We see from the above demonstration why it is that a dam is built in the form represented in Fig. 76. We see, also, why in the monstrous vats in some of the English breweries (some of them holding many thousand barrels) the hoops and other securities at the lower part of them require to be made of very great strength. It is manifest, also, that if a sluice-gate is to be kept shut by a single support, this must be applied at one third of the distance from the bottom, there being as much pressure, as seen by Fig. 75, on the lower third as on the upper two thirds of the gate.

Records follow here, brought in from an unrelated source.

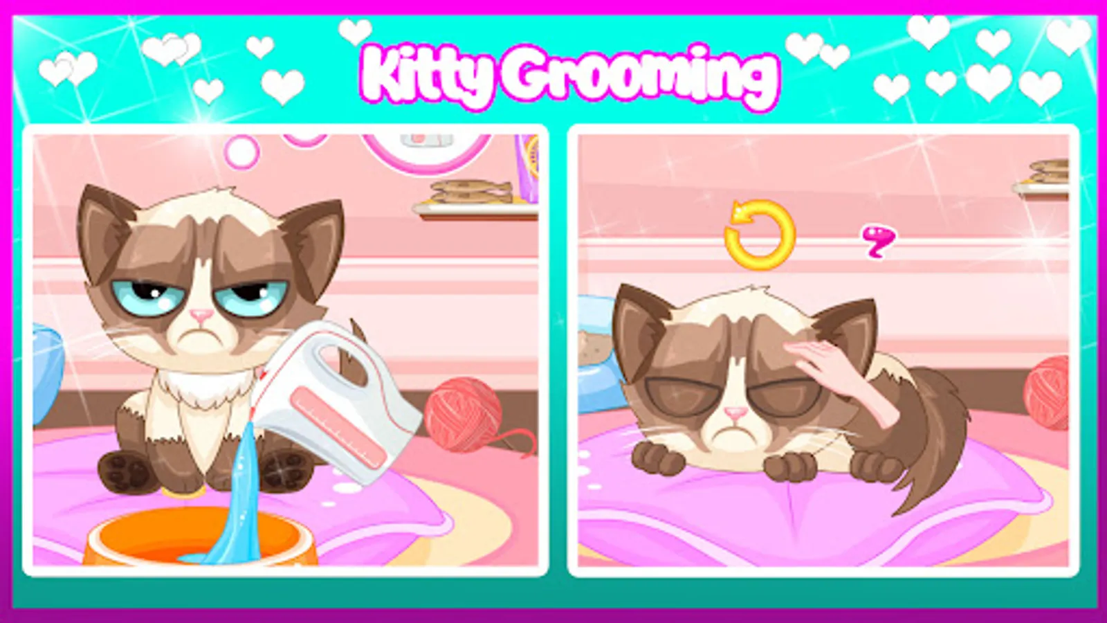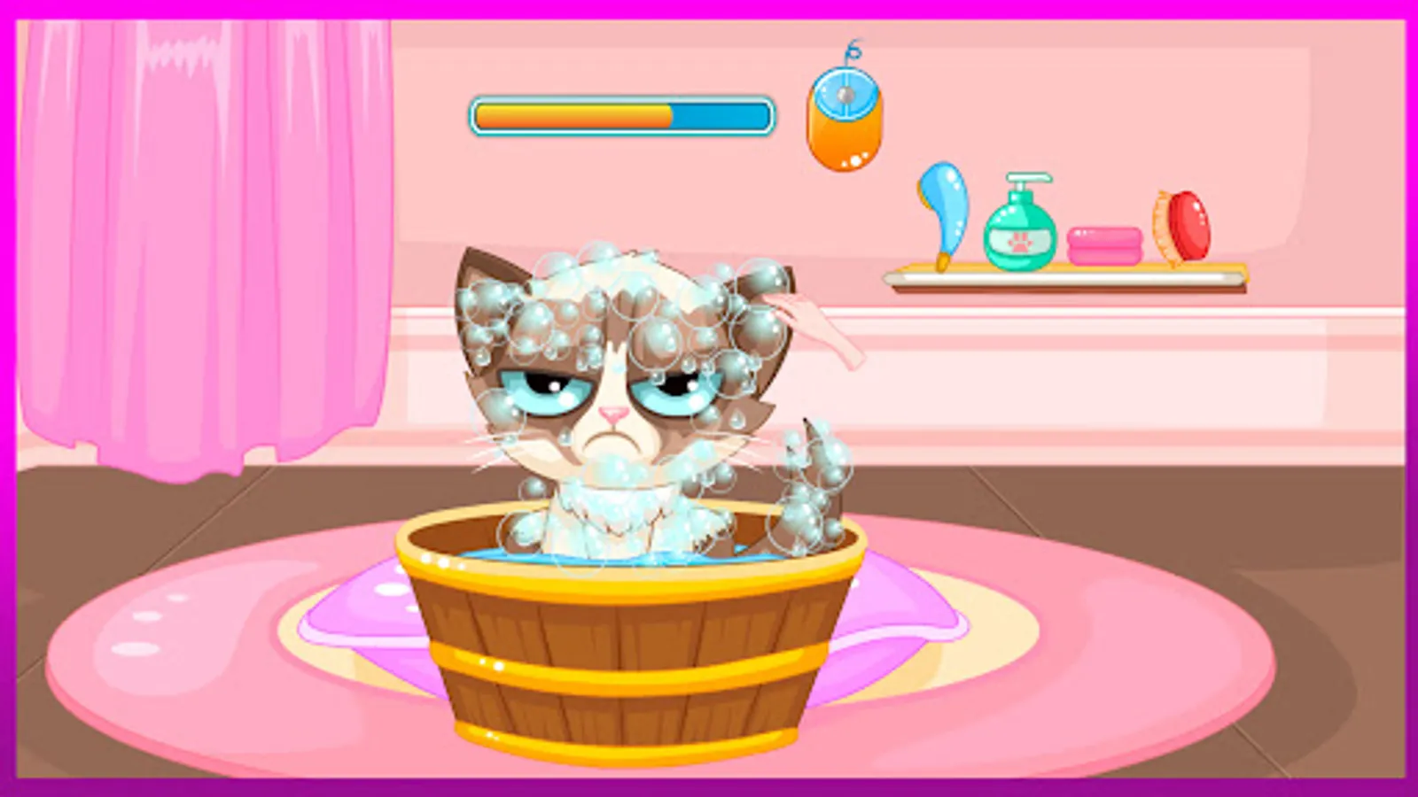 We prepared for you a new fabulous girl game where you can have a wonderful time playing with an adorable kitty. She is sleepy and has a funny face but is very attached of people who spend time with her doing several activities. Are you ready to start playing with the kitty? Follow the instruction for grooming session and make sure you feed the kitty with milk and her favorite food. In the next level comes the bath time where you must wash the kitty with shampoo and a lot of water to make her fur shiny and good looking.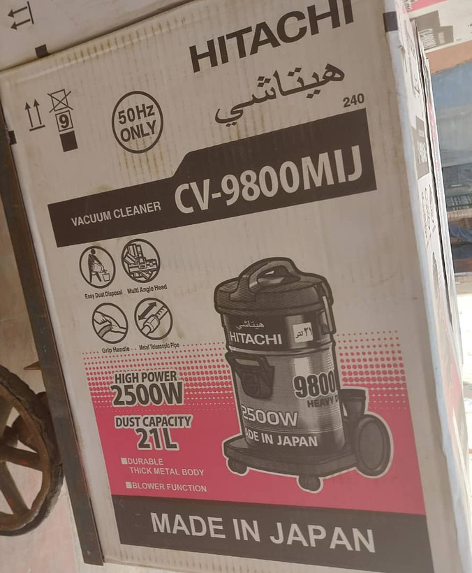 جارو برقی سطلی هیتاچی ساخت ژاپن دارای موتور قدرتمند ۲۵۰۰ وات با ظرفیت مخزن ۲۱ لیتر دارای بدنه ۲ جداره قوی با قدرت مکش فوقالعاده عالی با طراحی زیبا و کیفیت عالی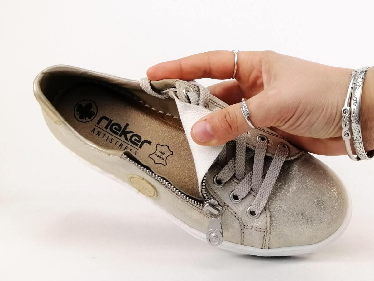 ↓ Plus de détails sur cette basket cuir femme chic et confortable RIEKER L59L8 antistress semelle à mémoire de forme ↓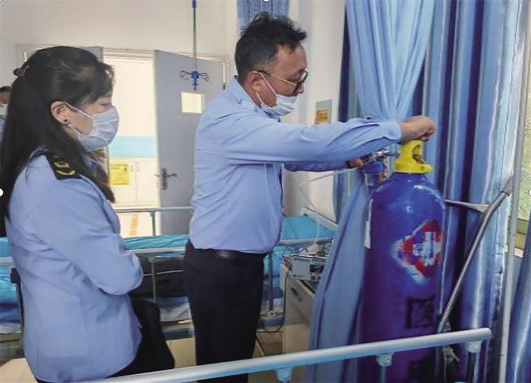 執(zhí)法人員對(duì)醫(yī)療器械進(jìn)行檢查。圖由拉薩市市場(chǎng)監(jiān)管局提供

123. Lateral Pressure in Fluids.—The pressure of a liquid on the side of a vessel, of which I have spoken above, is a lateral pressure, and it is caused by the downward pressure of gravitation in the liquid. But how? The particles of a fluid are freely movable among each other, and therefore are ready to escape from pressure in any direction. The particles at a, Fig. 75, pressed upon by the column of particles extending above them to the surface, are ready to escape laterally, and would do so if there were an opening made in the vessel at that point. But if the vessel contained a block of ice, fitting it as accurately as the body of water, there would be no escape at the opening, because the particles of the solid are so held together that the downward pressure of the earth's attraction occasions no lateral pressure.
Fig. 77.
Fig. 78.
The manner in which the downward pressure of the earth's attraction causes lateral pressure may be made clear by Figs. 77 and 78. We will suppose that the particles of solids and liquids are alike round, and that a solid differs from a liquid only in having its particles firmly united by attraction. Let a, b, and c, in Fig. 77, represent three particles of a solid. As they are united firmly they will have a united pressure from the centre of gravity directly toward the centre of the earth, as represented by the arrow. Let now d, e, and f, Fig. 78, represent three particles of water. These being but very slightly coherent, will make each an independent pressure toward the earth's centre, as indicated by the arrows. It is plain that d tends to separate e and f, and will do so if they are left free to move in a lateral direction. For example, if e be at the side of a vessel, and an opening be made there, the downward pressure of d will give e a lateral movement, forcing it out of the opening.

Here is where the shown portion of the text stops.